Barry Stellrecht wrote: I wouldn't expect a lot of people to join--for one thing, most people wandering through the WWW are very reluctant to PAY to see anything out on the web. Despite a decade of such things, there are only two sites I've paid to access to date, and this is one of them, and I was a paid member prior to the website here. In fact I'm usually turned away at just the need to sign up for a "free membership" to read something.
David Tyler wrote:People are finding us, now that the old website is no longer active, and the new website appears at the top of the page when you Google for 'junk rig'. But they're not joining us - yet. Why is that, I wonder?
I will grant Barry's thought that most people wandering through the web are very reluctant to pay for any content. However, I think equally important is the fact that people are just getting out of the habit of joining anything. My other boating group affiliation, the United States Power Squadrons, is the oldest safe boating educational group in the US and is not a primarily web-based group, and we're having a helluva struggle keeping people joining up and staying joined up.
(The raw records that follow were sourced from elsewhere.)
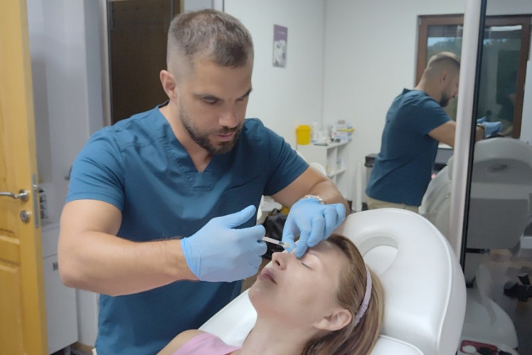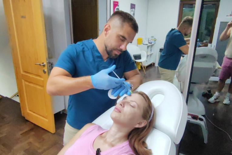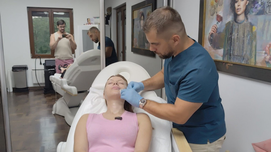 Ona se sve vreme oduševljeno smejala, pa bi se reklo da je nije trpela bolove zbog lepote.
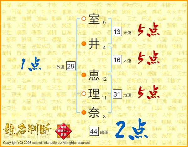 室(9画)井(4画) 恵(12画)理(11画)奈(8画)
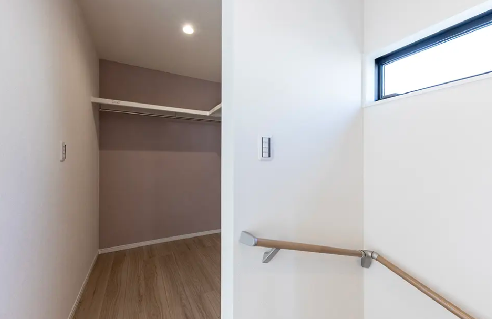 お子さまたちの洗濯物は、乾いたらそのままファミリークローゼットへ収納。共用スペースにあるため、各部屋まで服を運ぶ手間が省けて、家事の時短につながります。よく使うものは各部屋に、使用頻度の低いものはファミリークローゼットにと、用途に応じて使い分けられるのも便利なポイントです。
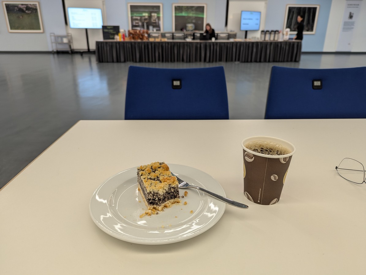 Dort gab es dann ein unangenehmes Erlebnis mit dem Kaffee und Kuchen Service im Foyer. Ich habe mir nämlich einen Kaffee und ein Stück Mohnkuchen geholt und dort hingesetzt um den Kuchen zu verspeisen. Aber der Mohnkuchen war unglaublich hart. Ich brauchte beide Hände um mir mit der Kuchengabel einen Bissen abzutrennen! Es wäre auch mit einer Hand gegangen, aber dann wäre die Gefahr groß gewesen, den abgetrennten Bissen im gleichen Moment derart zu beschleunigen, das er meterweit geflogen und jemanden erschlagen hätte. Ich habe mich dann durchgekämpft und den Mohnkuchen mit Kaffee herunter gespült. Ich bewundere den Mut eines Teilnehmers, der später sein Stück Kuchen zurück gebracht und auch mit den Händen geprüft hat, ob alle anderen Stücke und Kuchen von ähnlicher Beschaffenheit sind und die Kaffeedamen damit konfrontiert hat!
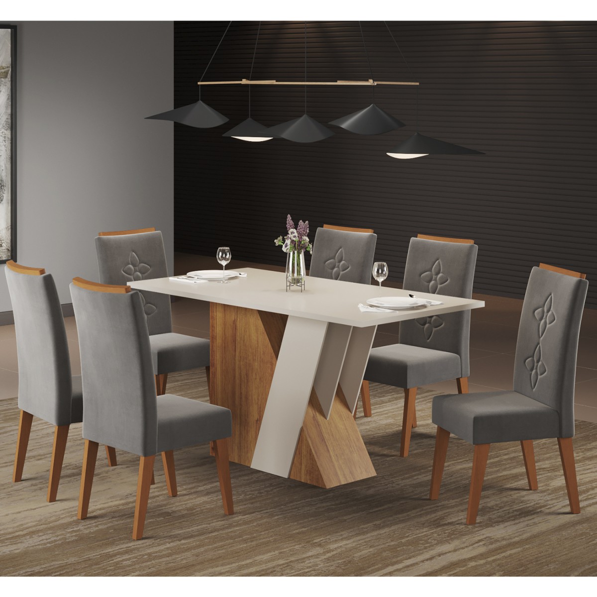 A sala de jantar é composta por uma mesa retangular com tampo em MDP de 25mm, que oferece resistência e durabilidade, sendo a base perfeita para momentos especiais e reuniões familiares. O tampo em MDP garante facilidade de manutenção, enquanto seu design robusto e elegante se adapta a diferentes estilos de decoração. A mesa é acompanhada por 6 cadeiras modelo Flora, feitas em madeira maciça, que trazem um toque rústico e sofisticado ao ambiente. As cadeiras são revestidas com espuma D26, proporcionando conforto excepcional durante as refeições, permitindo que todos desfrutem de momentos agradáveis à mesa. O conjunto é ideal para quem busca aliar funcionalidade e estilo, criando uma atmosfera acolhedora e elegante. A madeira maciça das cadeiras oferece durabilidade, conferindo um visual atemporal e de alta qualidade. A mesa retangular, com seu amplo tampo, oferece espaço suficiente para acomodar até seis pessoas com conforto. A combinação dos materiais de alta qualidade garante a longevidade do conjunto, mantendo sua beleza e resistência ao longo do tempo..

That said, we - the Junk Rig Association - are not just a web site trying to get people to pay to read content. We're a social group, a research group, and a source of very specialized knowledge. We offer pdf's of many years of printed research that people can't find anywhere else in the world. Admittedly, what we offer is, as I said, very specialized: if you don't need it a lot you don't need it at all.
That said, what we offer is not the same as reading a story on one newspaper that you can just as easily read on any of half a dozen other newspapers.
I still think it's hard to get conversions, convert visitors to members, but we should all be thinking how to present ourselves on the public pages that makes us as appealing as possible to people who might consider joining and makes it clear that they can get stuff here they can't get anywhere else period.